The TRITON-TIMI 38 trial randomised 13,608 moderate-to high-risk ACS patients scheduled for PCI to receive prasugrel (60 mg loading dose and then 10 mg daily maintenance dose) or clopidogrel (300 mg/75mg) for six to 15 months. Presenting the results at the meeting, Dr Elliott Antman (Brigham & Women’s Hospital, Boston, US) focused on the net clinical benefit end point of all-cause mortality, MI, stroke and major bleeding, which showed a significant benefit for prasugrel (table 1).

Table 1. Major results in the TRITON-TIMI 38 study
Table 1. Major results in the TRITON-TIMI 38 study

Subgroup analyses showed that in patients with a history of stroke/transient ischaemic attack, the bleeding risk outweighed the benefits of prasugrel versus clopidogrel. And for two other groups – those older than 75 years or under 60 kg in weight, the net clinical benefit appeared neutral. Dr Antman suggested that in these “neutral” groups, a reduction in the maintenance dose of prasugrel may produce better results. But he added: “In the remaining 80% of the population enrolled in this study, there was a strong net clinical benefit of prasugrel”.

Commenting upon the results of TRITON-TIMI-38, Dr Clive Weston (Singleton Hospital, Swansea) said: “It will come as no surprise to practising clinicians that a treatment that is shown to be more effective, in this case with respect to preventing the combination of cardiac death, heart attack and stroke following presentation with acute coronary syndrome, should also produce more unwanted events, in this case bleeding. All our interventions are predicated on the belief that the net effect is beneficial – that on balance we do more good than harm. This appears to be what the trial is telling us about prasugrel.

“My initial impression after reading the study results are that the earlier suggestion that prasugrel (at the dose chosen in this trial) has a more predictable antiplatelet effect than conventional doses of clopidogrel has been confirmed, because this would account for both the beneficial and adverse effects. The remarkable thing is that the size both of the benefit and the added risk, in relative and absolute terms, is strikingly similar to that reported for clopidogrel in the CURE study. It was upon such differences that the widespread use of clopidogrel in ACS was endorsed by the National Institute of Health and Clinical Excellence.”

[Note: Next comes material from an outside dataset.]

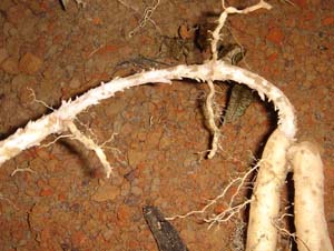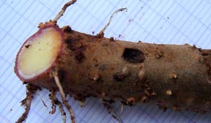 L'ancien tubercule est à droite. Remarquer la tige radicante aux noeuds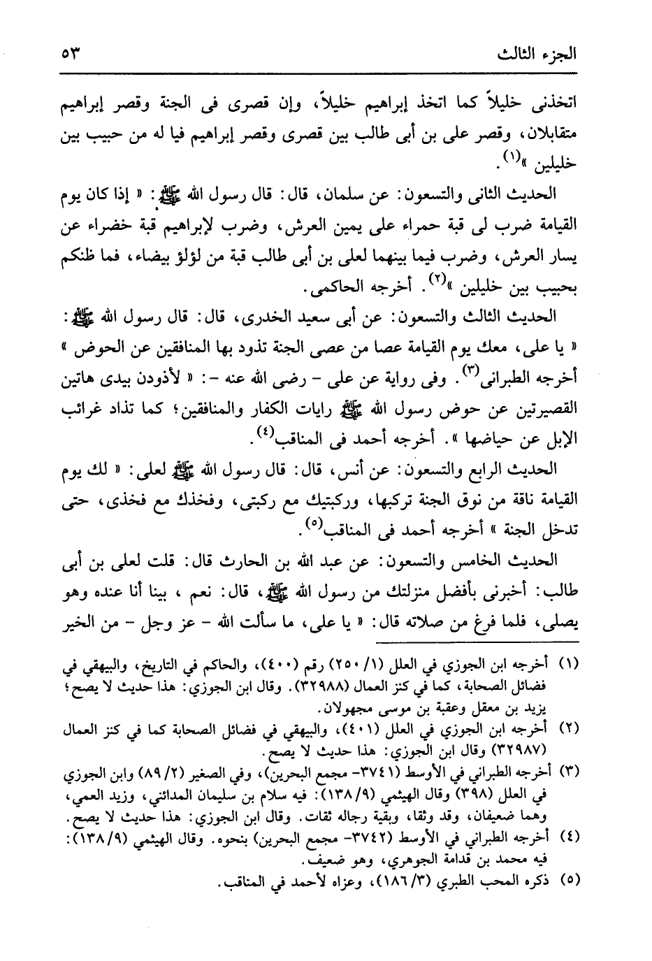 إِذا كَانَ يَوْم الْقِيَامَة ضرب لي قبَّة حَمْرَاء على يَمِين الْعَرْش وَضرب لإِبْرَاهِيم قبَّة خضراء عَن يسَار الْعَرْش وَضرب فِيمَا بَينهمَا لعَلي بن أبي طَالب قبَّة من لُؤْلُؤ بَيْضَاء فَمَا ظنكم بحبيب بَين خليلين أخرجه الحاكمي الحَدِيث الثَّالِث وَالتِّسْعُونَ

POISE – should beta blockers be given in non-cardiac surgery? 

The use of extended-release metoprolol in patients undergoing non-cardiac surgery was associated with a reduced risk of myocardial infarction (MI), but an increased risk of stroke and death in the POISE (PeriOperative Ischaemic Evaluation) study.

Table 1. POISE: Primary outcome and major secondary outcomes
Table 1. POISE: Primary outcome and major secondary outcomes

Results of the trial (table 1), the first large randomised study to investigate whether beta blockers should be used routinely in surgery patients to prevent cardiac events, suggested that for every 1,000 patients treated, the beta blocker would prevent 15 MIs, at the cost of eight deaths and five disabling strokes. Dr Philip Devereaux (McMaster University, Hamilton, Canada), who presented the study, said that physicians should weigh the potential risks and benefits before deciding whether to use beta blockers peri-operatively.

Discussant of the trial, Dr Judith Hochman (New York University School of Medicine, New York, US) said that based on these results, she would not recommend routine use of beta blockers in this setting. But she stressed that these results do not apply to patients already taking beta blockers undergoing surgery (who were excluded from POISE) or to patients in whom a physician had planned to prescribe a beta blocker within 30 days of surgery.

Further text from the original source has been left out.